Mr. Meltsner is well known for his his industrial scenes depicting urban scenes and in the mid 1930’s he expanded his genre and began to paint portraits of actors and performers including Carmen Miranda, Lynn Fontanne, Martha Graham, Dorothy Stickney and Gertrude Lawrence.
His work is included in major museum collections across the country including The National Portrait Gallery, Smithsonian Institution, Washington D.C.; The Museum of Modern Art, New York and The Whitney Museum of American Art, New York. His work was also exhibited at the Pennsylvania Academy of Fine Arts and the Art Institute of Chicago.
Paul Meltsner left his downtown New York studio to get away from the “tensions” of the city and moved to Woodstock, New York. There in his backwoods barn-studio he lived without a phone and a car.
A single painting of Meltsner’s- a portrait of Albert Einstein-caused a million dollars’ worth of war bonds to be sold in 1943 in Hollywood. A group of his paintings were auctioned off for $3 million worth of bonds during the drive. In 1957, the largest price ever paid for a Meltsner painting was the one for the Einstein portrait, the smallest was for Paul’s first sale, made when he was eight years old. The buyer was the government of Palestine and the price was $25. The artist explains, “I honestly don’t remember what the picture was, though I think it was a drawing of books or something.”
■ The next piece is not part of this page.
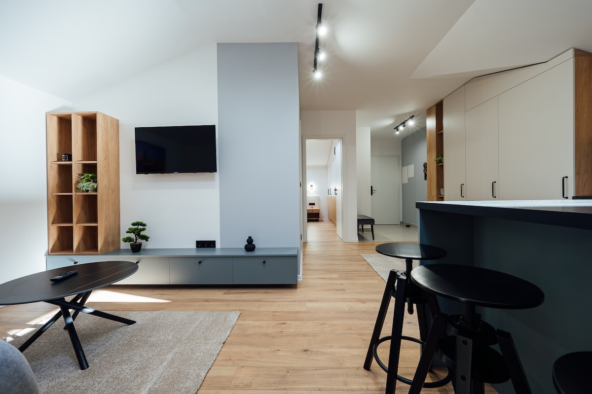 This relaxing property minutes from the city has breathtaking mountain views. Located in a new residential area overlooking Szekelyudvarhely with panoramic views all the way to Suko. Enjoy luxury and comfort with the whole family. Experience peaceful sunsets on a beautifully furnashed patio. You have the comfort of your own kitchen with everything you need, coffee and tea provided when you arrive. Wifi at no cost and crib/highchair available upon request. Outdoor fitness/park is a 3 min walk!!

“Much of Meltsner’s earlier life was mixed with theatre and backstage life. His drawings of on-stage activities have been featured in the New York press. His theatrical studies of the key personalities brought him into contact with their producers and directors while his results brought him friendships with the drama and art critics. All have been lavish with their praise- and their purses (Gilbert).”